» **The task**: Reproduced exactly, the lines from the start of the material through the line containing "Sol Vinyle Textile" should be the whole answer, with pictures excluded.
(Data excerpts Opens)
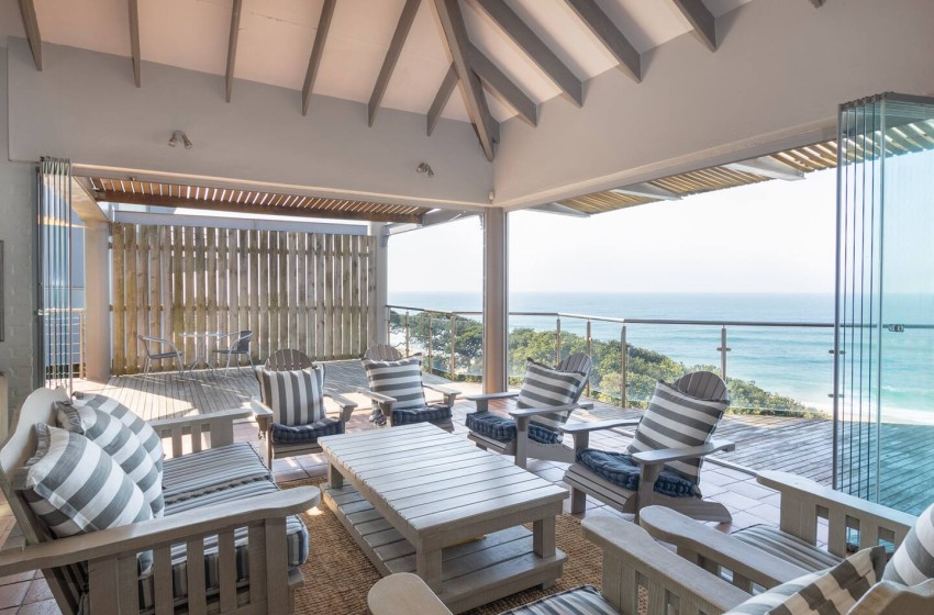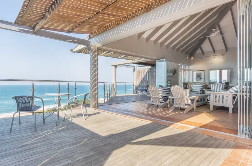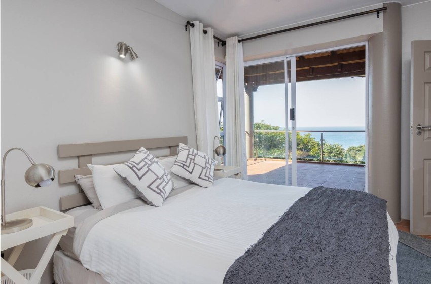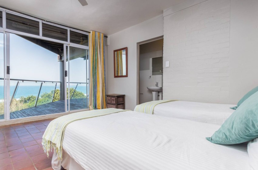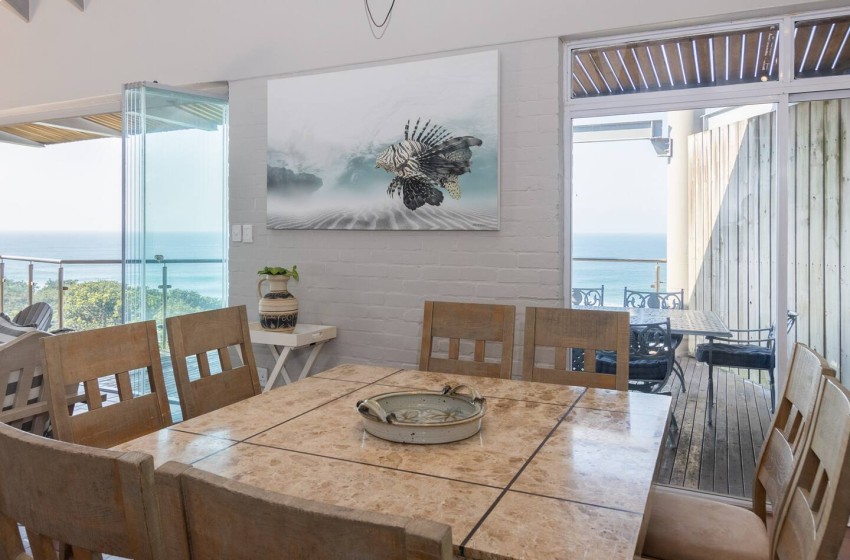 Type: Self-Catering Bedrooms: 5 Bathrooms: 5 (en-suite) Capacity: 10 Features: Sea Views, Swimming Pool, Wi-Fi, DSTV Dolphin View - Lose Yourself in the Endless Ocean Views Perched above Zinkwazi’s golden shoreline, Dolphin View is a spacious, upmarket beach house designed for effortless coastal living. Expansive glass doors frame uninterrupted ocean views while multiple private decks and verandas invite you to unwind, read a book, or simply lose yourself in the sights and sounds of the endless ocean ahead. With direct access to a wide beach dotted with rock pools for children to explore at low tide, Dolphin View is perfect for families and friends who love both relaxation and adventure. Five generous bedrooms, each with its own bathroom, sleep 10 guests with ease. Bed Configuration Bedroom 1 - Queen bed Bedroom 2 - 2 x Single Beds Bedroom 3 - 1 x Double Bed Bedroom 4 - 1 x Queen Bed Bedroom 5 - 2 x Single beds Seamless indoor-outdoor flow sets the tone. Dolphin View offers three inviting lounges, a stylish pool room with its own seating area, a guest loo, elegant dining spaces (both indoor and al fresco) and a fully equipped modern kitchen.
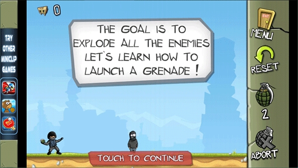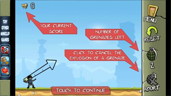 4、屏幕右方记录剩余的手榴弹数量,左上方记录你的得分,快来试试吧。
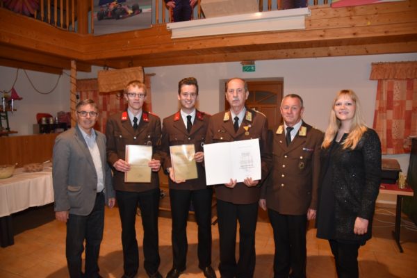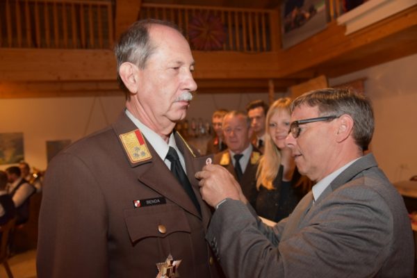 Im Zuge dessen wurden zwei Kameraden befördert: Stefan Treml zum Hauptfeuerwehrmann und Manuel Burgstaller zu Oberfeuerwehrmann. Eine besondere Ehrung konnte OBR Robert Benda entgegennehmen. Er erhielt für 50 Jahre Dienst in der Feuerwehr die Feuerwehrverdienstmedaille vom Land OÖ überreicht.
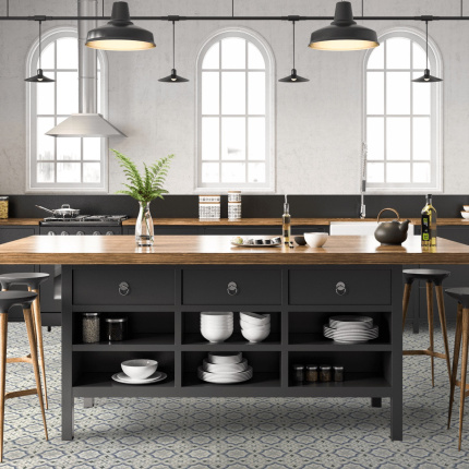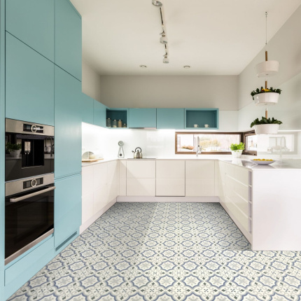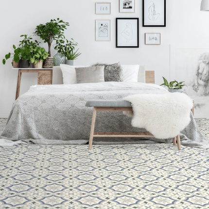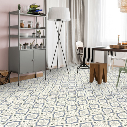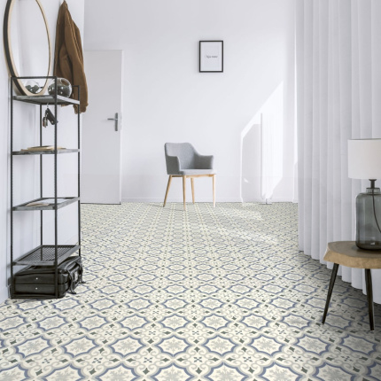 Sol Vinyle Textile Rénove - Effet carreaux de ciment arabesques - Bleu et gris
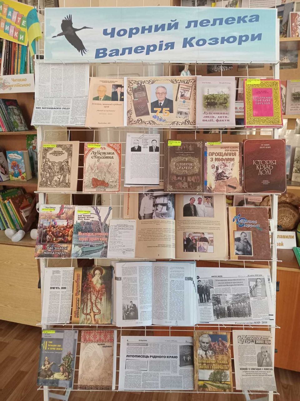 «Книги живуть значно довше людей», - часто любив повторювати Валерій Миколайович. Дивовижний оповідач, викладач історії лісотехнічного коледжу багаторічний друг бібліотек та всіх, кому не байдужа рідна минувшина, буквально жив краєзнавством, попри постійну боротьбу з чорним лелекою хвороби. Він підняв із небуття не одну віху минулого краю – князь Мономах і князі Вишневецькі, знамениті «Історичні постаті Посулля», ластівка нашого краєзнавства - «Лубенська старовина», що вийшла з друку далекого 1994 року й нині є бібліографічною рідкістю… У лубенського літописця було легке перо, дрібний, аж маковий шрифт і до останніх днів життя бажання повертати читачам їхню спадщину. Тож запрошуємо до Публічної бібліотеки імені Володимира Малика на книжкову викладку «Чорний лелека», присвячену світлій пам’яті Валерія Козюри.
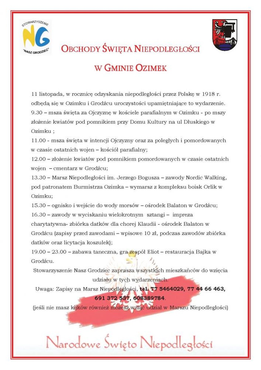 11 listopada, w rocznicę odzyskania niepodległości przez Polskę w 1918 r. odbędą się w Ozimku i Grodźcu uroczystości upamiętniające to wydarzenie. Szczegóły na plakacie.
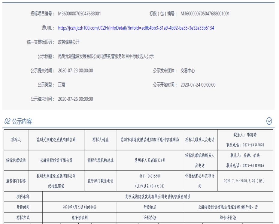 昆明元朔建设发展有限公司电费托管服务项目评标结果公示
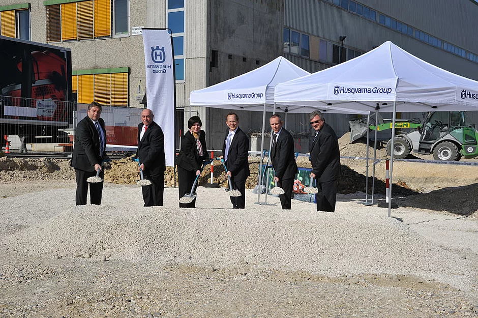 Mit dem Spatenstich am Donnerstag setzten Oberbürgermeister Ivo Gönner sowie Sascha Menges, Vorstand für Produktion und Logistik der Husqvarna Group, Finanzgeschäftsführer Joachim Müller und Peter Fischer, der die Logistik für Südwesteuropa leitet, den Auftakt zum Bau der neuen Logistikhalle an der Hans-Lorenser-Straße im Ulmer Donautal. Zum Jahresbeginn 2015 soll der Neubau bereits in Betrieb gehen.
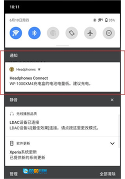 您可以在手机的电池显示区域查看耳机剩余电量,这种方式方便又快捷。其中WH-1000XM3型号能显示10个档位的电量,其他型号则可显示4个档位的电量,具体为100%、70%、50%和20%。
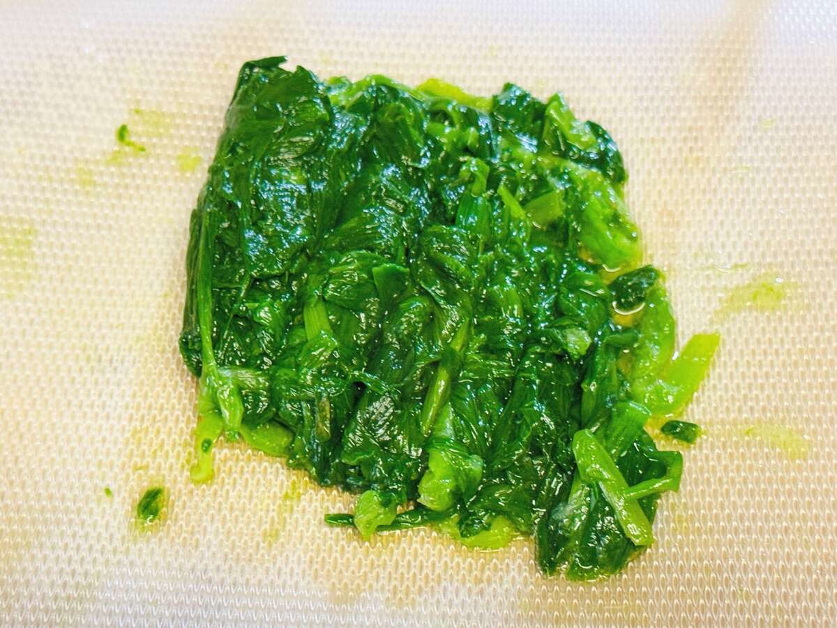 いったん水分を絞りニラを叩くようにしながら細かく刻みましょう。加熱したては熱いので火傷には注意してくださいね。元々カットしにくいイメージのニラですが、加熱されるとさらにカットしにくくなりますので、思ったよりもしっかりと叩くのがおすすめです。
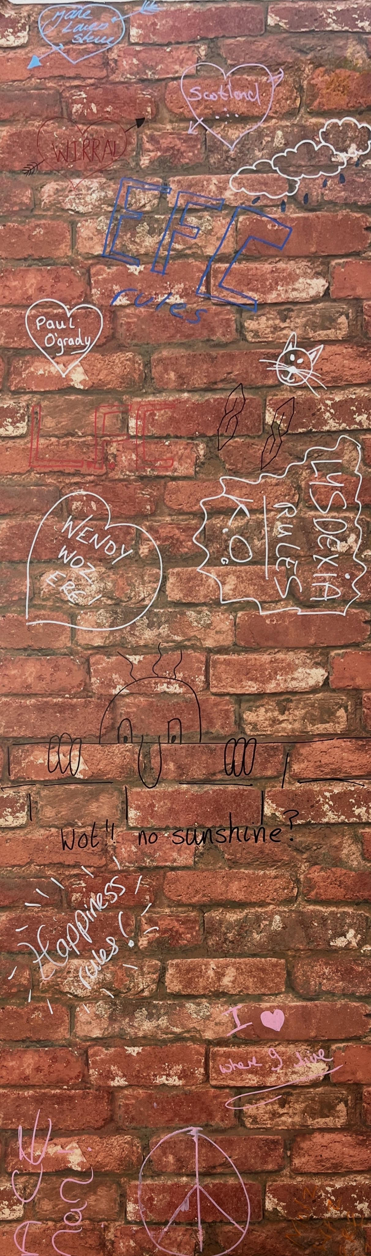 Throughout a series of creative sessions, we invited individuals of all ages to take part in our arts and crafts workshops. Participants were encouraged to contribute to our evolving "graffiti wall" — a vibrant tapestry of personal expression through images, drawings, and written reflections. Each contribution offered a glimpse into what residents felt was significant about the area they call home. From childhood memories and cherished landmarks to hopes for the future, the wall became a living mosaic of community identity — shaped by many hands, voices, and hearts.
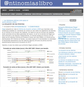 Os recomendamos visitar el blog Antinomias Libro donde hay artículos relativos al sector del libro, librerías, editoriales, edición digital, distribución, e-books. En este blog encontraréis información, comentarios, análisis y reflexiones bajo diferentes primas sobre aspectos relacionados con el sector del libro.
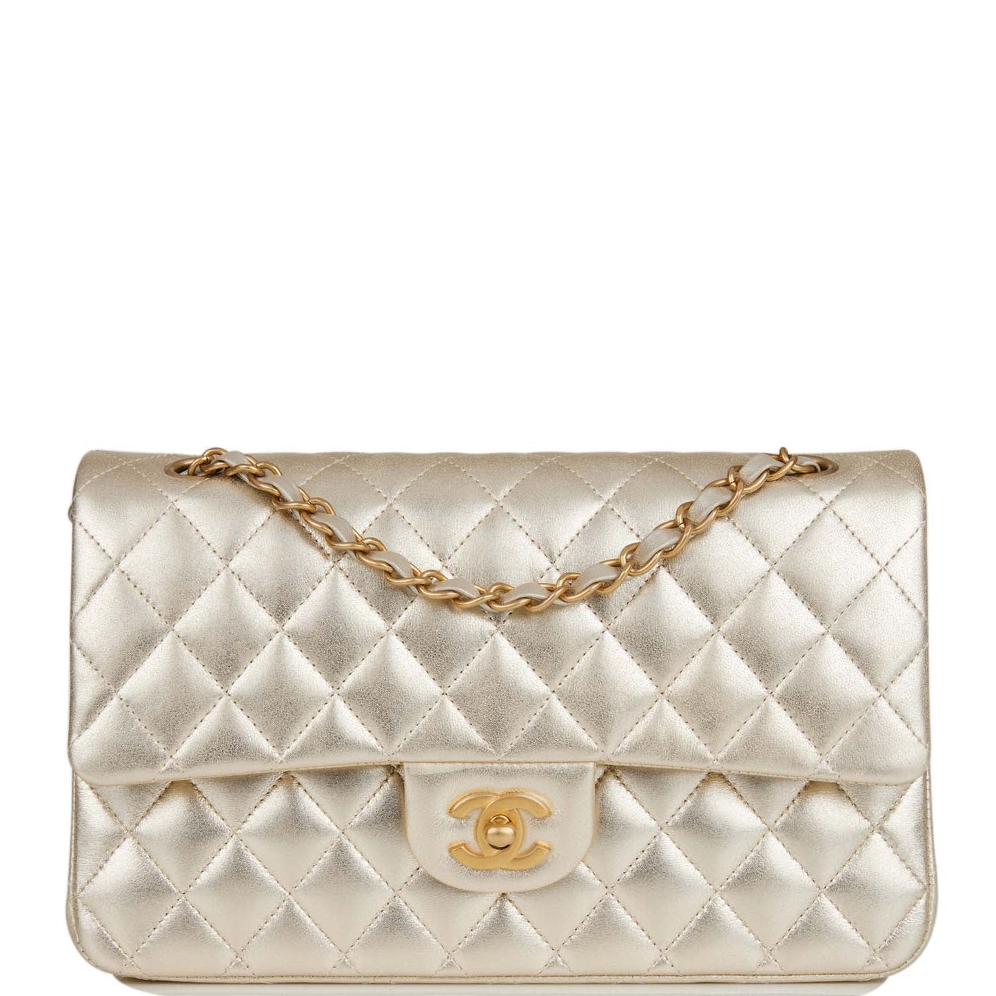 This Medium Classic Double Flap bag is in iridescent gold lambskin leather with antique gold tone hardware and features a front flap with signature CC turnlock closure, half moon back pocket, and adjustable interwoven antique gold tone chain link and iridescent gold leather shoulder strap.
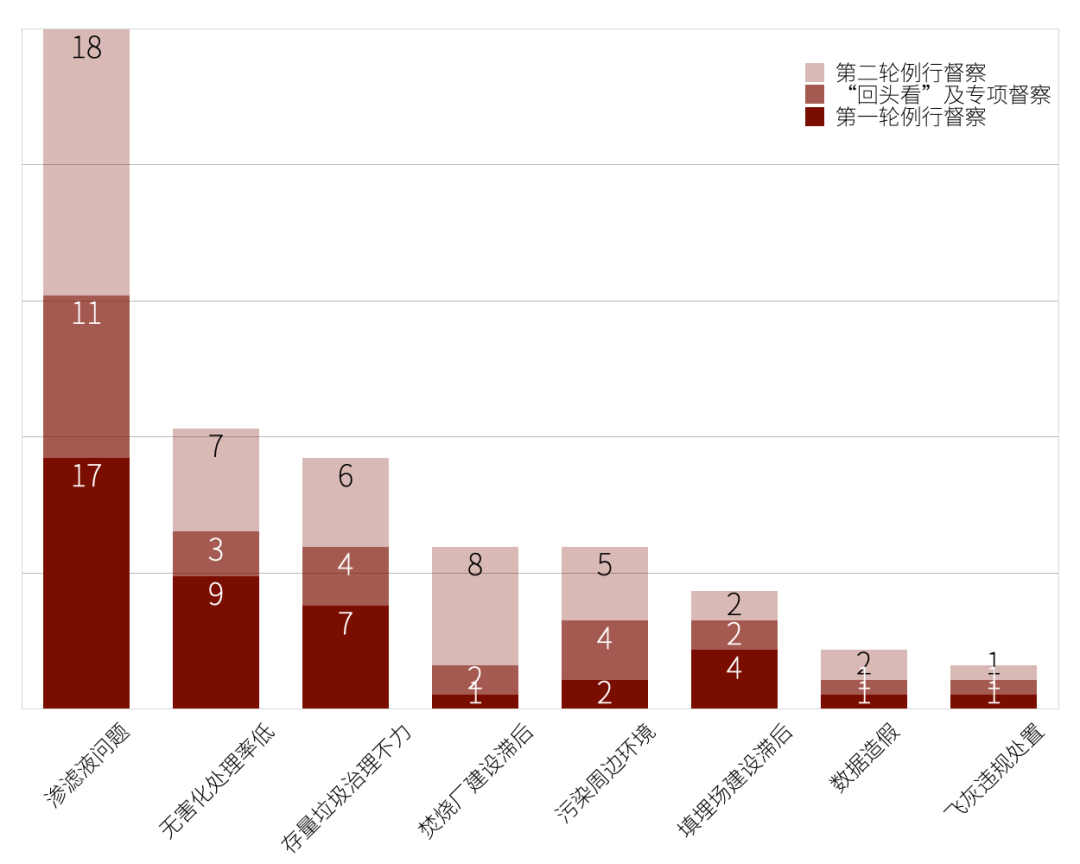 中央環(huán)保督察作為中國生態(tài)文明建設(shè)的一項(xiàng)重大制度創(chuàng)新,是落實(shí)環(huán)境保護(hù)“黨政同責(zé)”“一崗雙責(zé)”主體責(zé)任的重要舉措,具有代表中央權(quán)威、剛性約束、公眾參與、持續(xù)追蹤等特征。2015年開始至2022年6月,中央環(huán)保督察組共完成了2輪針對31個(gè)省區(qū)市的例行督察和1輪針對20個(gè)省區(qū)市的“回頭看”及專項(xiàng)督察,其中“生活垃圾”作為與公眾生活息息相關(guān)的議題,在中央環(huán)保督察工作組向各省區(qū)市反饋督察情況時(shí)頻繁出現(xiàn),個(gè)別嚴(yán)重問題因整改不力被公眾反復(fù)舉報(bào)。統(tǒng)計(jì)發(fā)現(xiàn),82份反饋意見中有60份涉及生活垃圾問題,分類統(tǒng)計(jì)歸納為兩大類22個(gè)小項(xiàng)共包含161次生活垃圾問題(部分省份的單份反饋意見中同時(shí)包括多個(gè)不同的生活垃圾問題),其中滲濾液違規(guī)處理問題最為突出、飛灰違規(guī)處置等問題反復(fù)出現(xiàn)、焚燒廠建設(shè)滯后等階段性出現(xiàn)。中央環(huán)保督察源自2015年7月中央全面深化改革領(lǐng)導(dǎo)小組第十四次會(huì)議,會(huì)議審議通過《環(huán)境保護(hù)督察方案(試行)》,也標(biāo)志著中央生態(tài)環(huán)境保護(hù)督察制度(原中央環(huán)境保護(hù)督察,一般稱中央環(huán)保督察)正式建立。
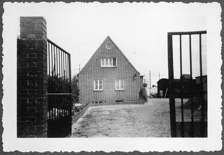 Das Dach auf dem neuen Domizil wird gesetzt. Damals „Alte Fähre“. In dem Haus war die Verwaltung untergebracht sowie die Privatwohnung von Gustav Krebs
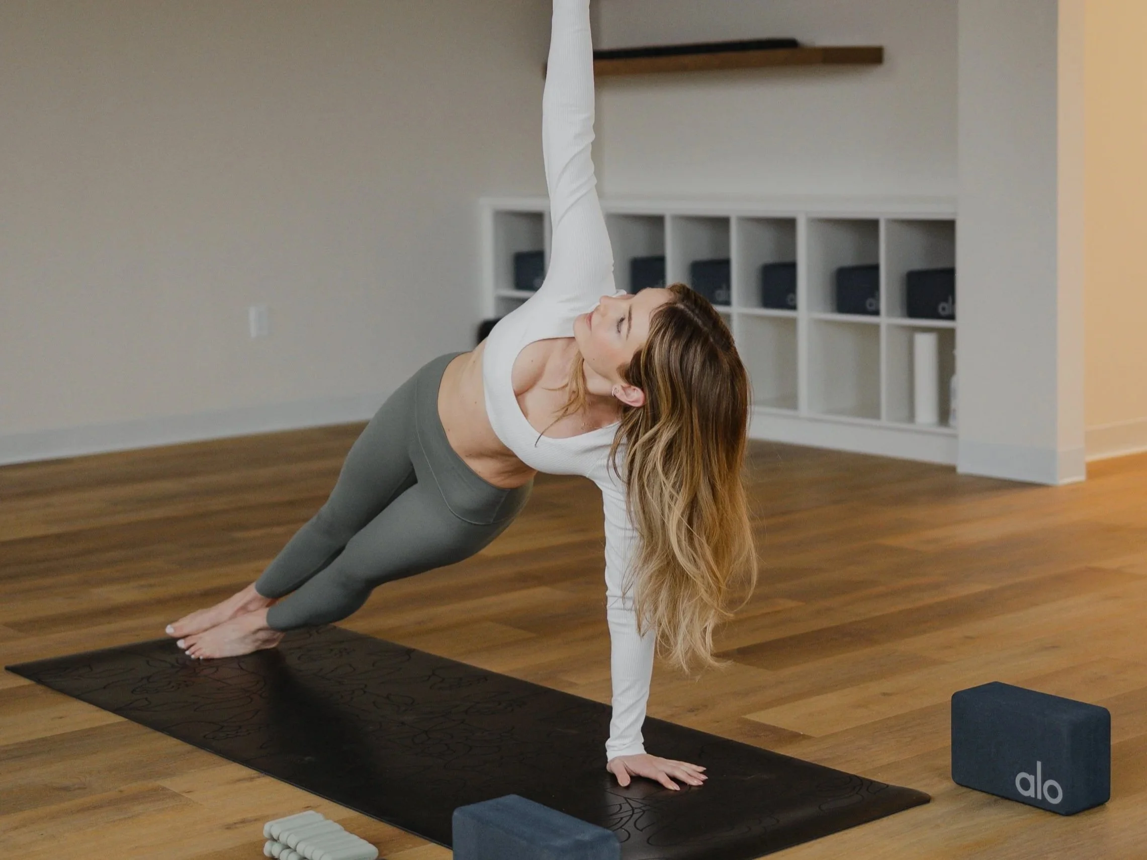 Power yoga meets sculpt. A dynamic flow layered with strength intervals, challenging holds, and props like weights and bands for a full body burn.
(Data excerpts Closes)
» **Result**:
 Type: Self-Catering Bedrooms: 5 Bathrooms: 5 (en-suite) Capacity: 10 Features: Sea Views, Swimming Pool, Wi-Fi, DSTV Dolphin View - Lose Yourself in the Endless Ocean Views Perched above Zinkwazi’s golden shoreline, Dolphin View is a spacious, upmarket beach house designed for effortless coastal living. Expansive glass doors frame uninterrupted ocean views while multiple private decks and verandas invite you to unwind, read a book, or simply lose yourself in the sights and sounds of the endless ocean ahead. With direct access to a wide beach dotted with rock pools for children to explore at low tide, Dolphin View is perfect for families and friends who love both relaxation and adventure. Five generous bedrooms, each with its own bathroom, sleep 10 guests with ease. Bed Configuration Bedroom 1 - Queen bed Bedroom 2 - 2 x Single Beds Bedroom 3 - 1 x Double Bed Bedroom 4 - 1 x Queen Bed Bedroom 5 - 2 x Single beds Seamless indoor-outdoor flow sets the tone. Dolphin View offers three inviting lounges, a stylish pool room with its own seating area, a guest loo, elegant dining spaces (both indoor and al fresco) and a fully equipped modern kitchen.
 4、屏幕右方记录剩余的手榴弹数量,左上方记录你的得分,快来试试吧。
 Im Zuge dessen wurden zwei Kameraden befördert: Stefan Treml zum Hauptfeuerwehrmann und Manuel Burgstaller zu Oberfeuerwehrmann. Eine besondere Ehrung konnte OBR Robert Benda entgegennehmen. Er erhielt für 50 Jahre Dienst in der Feuerwehr die Feuerwehrverdienstmedaille vom Land OÖ überreicht.
 Sol Vinyle Textile Rénove - Effet carreaux de ciment arabesques - Bleu et gris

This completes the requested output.